Extracted data entries:
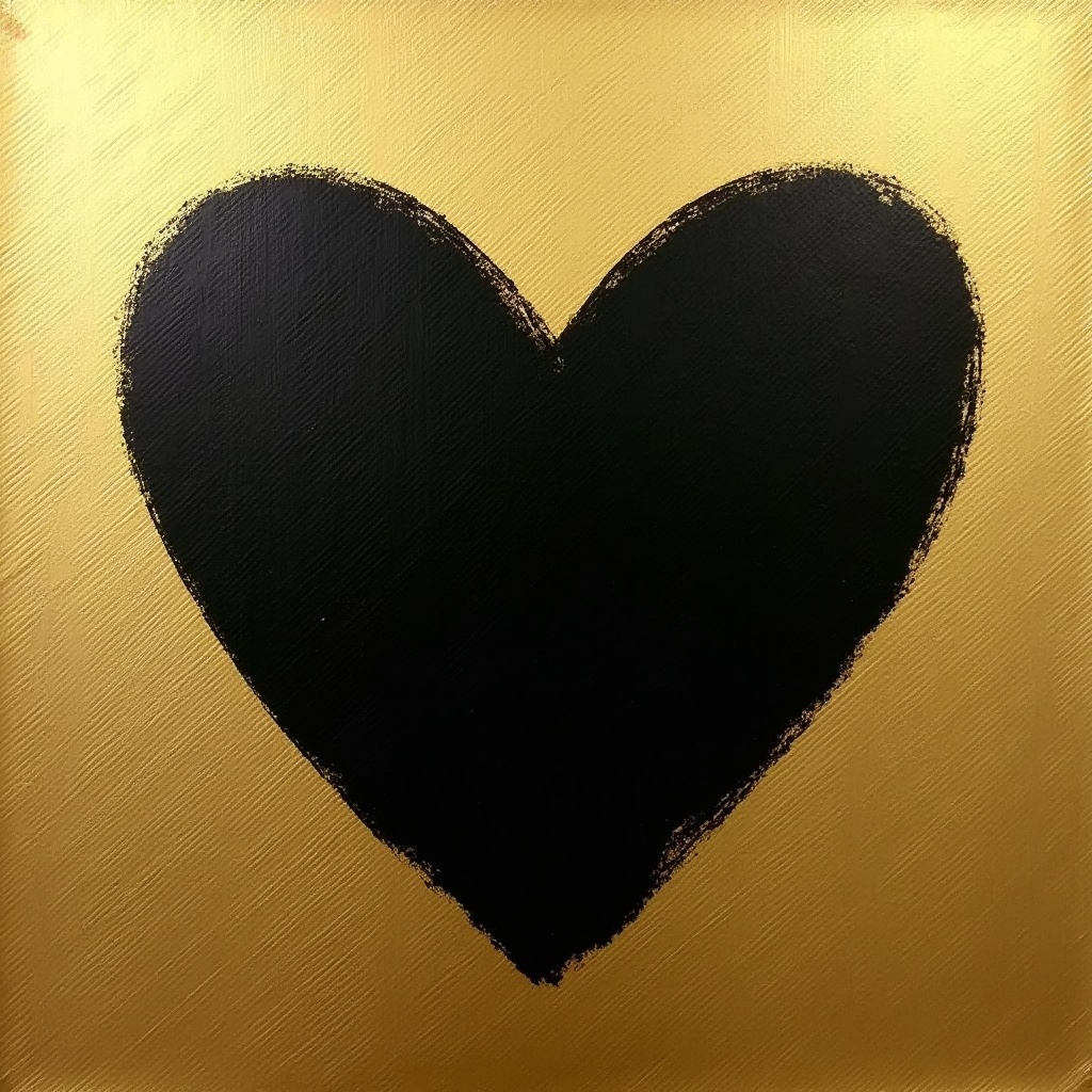 A large black heart shape is painted with rough brushstrokes on a shiny gold background. The heart is centered and prominent against the metallic surface. The image features a minimalist abstract design.
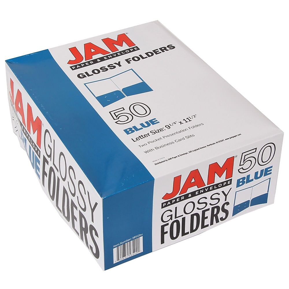 JAM Paper Laminated 2-Pocket Glossy Presentation Folders, Blue, 25/Pack (385GBUD)
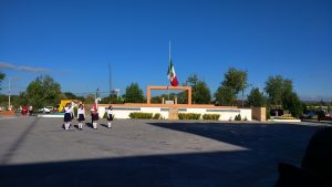 La bandera a media asta de la plaza cívica fue el escenario para que los alumnos de las instituciones educativas rindieran homenaje a los estudiantes caídos durante la intervención de los militares en la plaza de las Tres Culturas
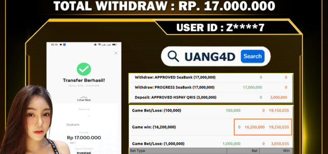 Setiap hari, member UANG4D berhasil meraih jackpot besar dari berbagai macam permainan livecasino ternama yang kami sediakan, seperti Roullete, Dragon & Tiger, Qiu Qiu dan masih banyak lagi. Kami secara rutin menampilkan bukti screenshot atau rekapan kemenangan yang berhasil diraih, mulai dari kemenangan ratusan ribu hingga puluhan juta rupiah. Semua slip kemenangan ini kami hadirkan untuk membuktikan bahwa di UANG4D, peluang menang itu nyata.
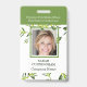 Crachá com foto, nome e nome da empresa. Fundo da Folhagem Verde.

Aim of the exercise.
Copy out exactly the lines between the line containing "La bandera a" and the end of the entries, including both, and leave the pictures behind.

Answer area.
 La bandera a media asta de la plaza cívica fue el escenario para que los alumnos de las instituciones educativas rindieran homenaje a los estudiantes caídos durante la intervención de los militares en la plaza de las Tres Culturas
 Setiap hari, member UANG4D berhasil meraih jackpot besar dari berbagai macam permainan livecasino ternama yang kami sediakan, seperti Roullete, Dragon & Tiger, Qiu Qiu dan masih banyak lagi. Kami secara rutin menampilkan bukti screenshot atau rekapan kemenangan yang berhasil diraih, mulai dari kemenangan ratusan ribu hingga puluhan juta rupiah. Semua slip kemenangan ini kami hadirkan untuk membuktikan bahwa di UANG4D, peluang menang itu nyata.
 Crachá com foto, nome e nome da empresa. Fundo da Folhagem Verde.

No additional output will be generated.